Saisie des équipements d'une importante télévision privée

Un micro

L'instance de l'audiovisuel tunisien (Haica) a fait saisir jeudi les équipements de l'une des principales télévisions privées du pays, Nessma TV, qui émet sans licence, malgré les protestations des journalistes à l'extérieur du siège de la chaîne.

"Nessma émet ses programmes depuis 2014 sans licence et après des tentatives multiples pour trouver une solution avec cette chaîne, nous avons appliqué la décision prise depuis le 15 avril de saisir les équipements", a expliqué à l'AFP un des responsables de la Haica, Radhia Saïdi.

"Nous avons tout essayé avec Nessma pour régler sa situation mais malheureusement il y a un refus à appliquer la loi", a indiqué de son côté à la presse le président de l'instance de l'audiovisuel, Nouri Lajmi.

Dans un communiqué, Nessma précise qu'elle a été "surprise de l'introduction dans ses espaces et ses studios d'un nombre important d'agents sécuritaires, et de la saisie de ses équipements sans notification préalable et sans autorisation judiciaire".

"Nessma fait face de nouveau à une injustice historique", a déploré de son côté le patron de la chaîne, Nabil Karoui, sur sa page Facebook.

Des journalistes de Nessma TV ont bloqué un moment une route proche du siège de la chaîne pour protester contre la saisie des équipements qui empêche de fait la télévision de continuer ses programmes, a constaté un photographe de l'AFP.

Dans un communiqué, le Syndicat national des journalistes tunisiens (Snjt) a réitéré "sa position de principe refusant la fermeture de toute institution médiatique" mais a souligné que selon lui, le patron de Nessma TV doit "assumer la responsabilité dans ce qui se passe".

Le syndicat des journalistes estime que ce dernier "n'a fait aucun pas pour régler la situation de cette chaîne" qui a "commis de graves violations".
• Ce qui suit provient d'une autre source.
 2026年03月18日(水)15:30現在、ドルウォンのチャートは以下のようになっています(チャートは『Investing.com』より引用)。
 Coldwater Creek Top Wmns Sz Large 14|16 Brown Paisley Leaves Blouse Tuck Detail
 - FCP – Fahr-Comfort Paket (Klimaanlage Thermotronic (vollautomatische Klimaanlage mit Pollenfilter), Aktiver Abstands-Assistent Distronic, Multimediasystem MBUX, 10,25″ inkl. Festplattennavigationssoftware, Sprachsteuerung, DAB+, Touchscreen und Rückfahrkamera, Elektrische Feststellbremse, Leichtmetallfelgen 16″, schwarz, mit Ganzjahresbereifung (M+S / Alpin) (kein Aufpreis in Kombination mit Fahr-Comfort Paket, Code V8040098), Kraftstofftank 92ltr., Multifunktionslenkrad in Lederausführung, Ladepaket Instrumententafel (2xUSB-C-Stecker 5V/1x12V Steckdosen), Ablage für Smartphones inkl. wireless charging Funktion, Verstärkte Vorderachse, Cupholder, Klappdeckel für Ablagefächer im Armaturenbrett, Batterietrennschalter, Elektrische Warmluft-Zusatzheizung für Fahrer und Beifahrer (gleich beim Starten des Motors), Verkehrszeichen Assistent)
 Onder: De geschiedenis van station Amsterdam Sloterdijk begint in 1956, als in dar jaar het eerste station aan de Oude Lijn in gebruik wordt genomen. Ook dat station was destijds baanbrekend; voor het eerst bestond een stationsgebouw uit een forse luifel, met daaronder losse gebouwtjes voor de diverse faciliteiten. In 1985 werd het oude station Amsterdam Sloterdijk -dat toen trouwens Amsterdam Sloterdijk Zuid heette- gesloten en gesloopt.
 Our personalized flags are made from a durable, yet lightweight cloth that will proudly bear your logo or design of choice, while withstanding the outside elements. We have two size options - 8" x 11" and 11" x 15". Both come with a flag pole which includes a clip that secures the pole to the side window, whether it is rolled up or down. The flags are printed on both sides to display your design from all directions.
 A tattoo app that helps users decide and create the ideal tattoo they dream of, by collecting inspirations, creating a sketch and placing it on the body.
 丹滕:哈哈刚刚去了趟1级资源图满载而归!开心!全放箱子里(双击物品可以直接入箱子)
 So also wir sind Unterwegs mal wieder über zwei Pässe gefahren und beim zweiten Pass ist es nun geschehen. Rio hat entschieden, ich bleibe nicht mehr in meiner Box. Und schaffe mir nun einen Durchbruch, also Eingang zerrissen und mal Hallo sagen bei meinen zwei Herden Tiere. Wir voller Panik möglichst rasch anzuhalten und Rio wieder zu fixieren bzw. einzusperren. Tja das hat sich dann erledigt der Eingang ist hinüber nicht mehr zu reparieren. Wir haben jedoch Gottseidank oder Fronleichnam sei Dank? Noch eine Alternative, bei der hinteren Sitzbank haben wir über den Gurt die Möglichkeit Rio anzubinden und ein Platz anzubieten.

Nabil Karoui est une personnalité controversée accusée par certains hommes politiques et analystes de nourrir des ambitions politiques personnelles et d'instrumentaliser dans ce but Nessma TV qui est très critique du gouvernement.

En juin 2018, la Haica avait accusé la direction de Nessma TV de "se positionner afin d'influencer les organes de l'Etat".

La Haica, une instance indépendante du gouvernement, a été créée en 2012 pour réformer le paysage audiovisuel tunisien et s'assurer du respect de la liberté d'expression acquise après la chute de la dictature et la suppression du ministère de la Communication.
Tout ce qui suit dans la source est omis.